THE DATA:
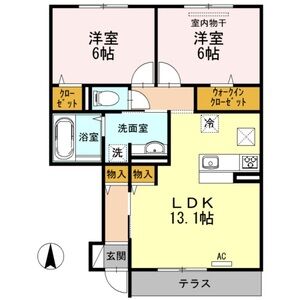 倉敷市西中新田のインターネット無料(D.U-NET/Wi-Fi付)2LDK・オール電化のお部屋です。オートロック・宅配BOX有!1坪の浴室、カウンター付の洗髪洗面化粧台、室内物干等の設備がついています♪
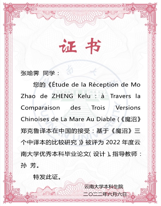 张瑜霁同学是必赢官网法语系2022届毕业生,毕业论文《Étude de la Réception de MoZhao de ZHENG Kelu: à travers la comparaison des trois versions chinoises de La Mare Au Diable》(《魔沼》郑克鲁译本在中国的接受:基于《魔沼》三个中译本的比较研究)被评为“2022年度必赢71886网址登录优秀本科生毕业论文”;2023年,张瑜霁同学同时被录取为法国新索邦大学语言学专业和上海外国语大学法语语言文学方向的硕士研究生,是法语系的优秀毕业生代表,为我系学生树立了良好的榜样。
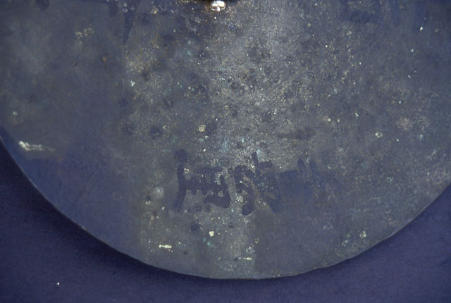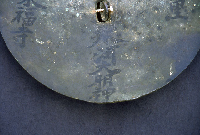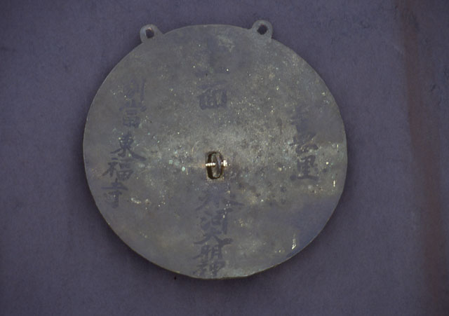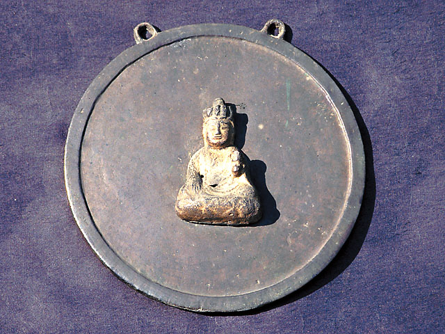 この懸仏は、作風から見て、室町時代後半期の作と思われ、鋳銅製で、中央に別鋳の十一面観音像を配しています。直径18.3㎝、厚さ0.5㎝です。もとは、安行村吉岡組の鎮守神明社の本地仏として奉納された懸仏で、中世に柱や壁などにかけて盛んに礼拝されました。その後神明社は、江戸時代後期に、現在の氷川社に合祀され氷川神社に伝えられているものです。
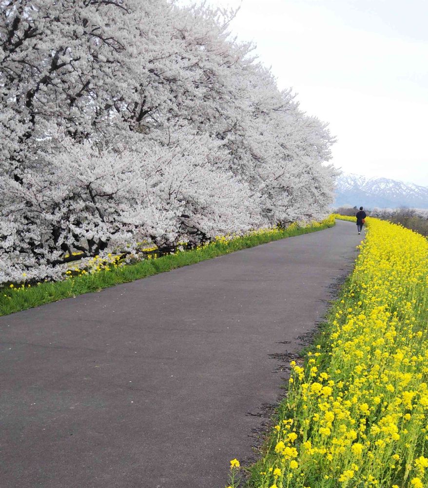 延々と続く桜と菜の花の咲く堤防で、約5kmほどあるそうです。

...

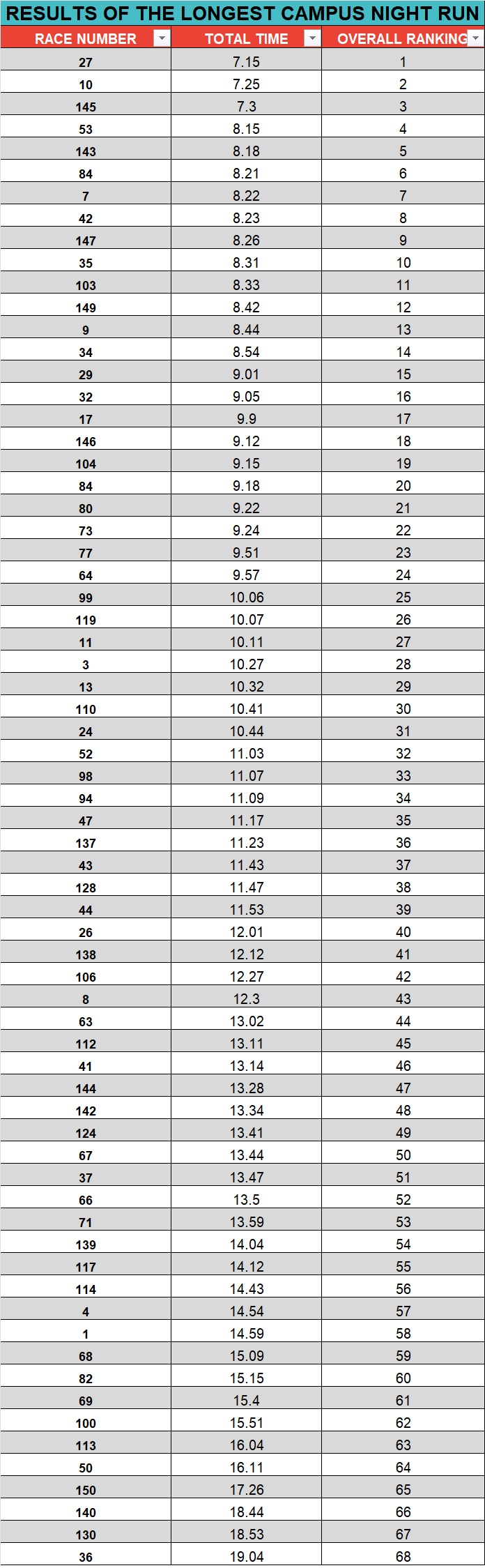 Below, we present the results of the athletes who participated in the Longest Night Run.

EXERCISE PROMPT:
Within the listing above, copy exactly the lines that start at the one with "倉敷市西中新田のインターネッ" and continue through the one with "延々と続く桜と菜の花の咲く堤防で、約5kmほどあるそうです。". Omit pictures.

SOLUTION TO THE PROBLEM:
 倉敷市西中新田のインターネット無料(D.U-NET/Wi-Fi付)2LDK・オール電化のお部屋です。オートロック・宅配BOX有!1坪の浴室、カウンター付の洗髪洗面化粧台、室内物干等の設備がついています♪
 张瑜霁同学是必赢官网法语系2022届毕业生,毕业论文《Étude de la Réception de MoZhao de ZHENG Kelu: à travers la comparaison des trois versions chinoises de La Mare Au Diable》(《魔沼》郑克鲁译本在中国的接受:基于《魔沼》三个中译本的比较研究)被评为“2022年度必赢71886网址登录优秀本科生毕业论文”;2023年,张瑜霁同学同时被录取为法国新索邦大学语言学专业和上海外国语大学法语语言文学方向的硕士研究生,是法语系的优秀毕业生代表,为我系学生树立了良好的榜样。
 この懸仏は、作風から見て、室町時代後半期の作と思われ、鋳銅製で、中央に別鋳の十一面観音像を配しています。直径18.3㎝、厚さ0.5㎝です。もとは、安行村吉岡組の鎮守神明社の本地仏として奉納された懸仏で、中世に柱や壁などにかけて盛んに礼拝されました。その後神明社は、江戸時代後期に、現在の氷川社に合祀され氷川神社に伝えられているものです。
 延々と続く桜と菜の花の咲く堤防で、約5kmほどあるそうです。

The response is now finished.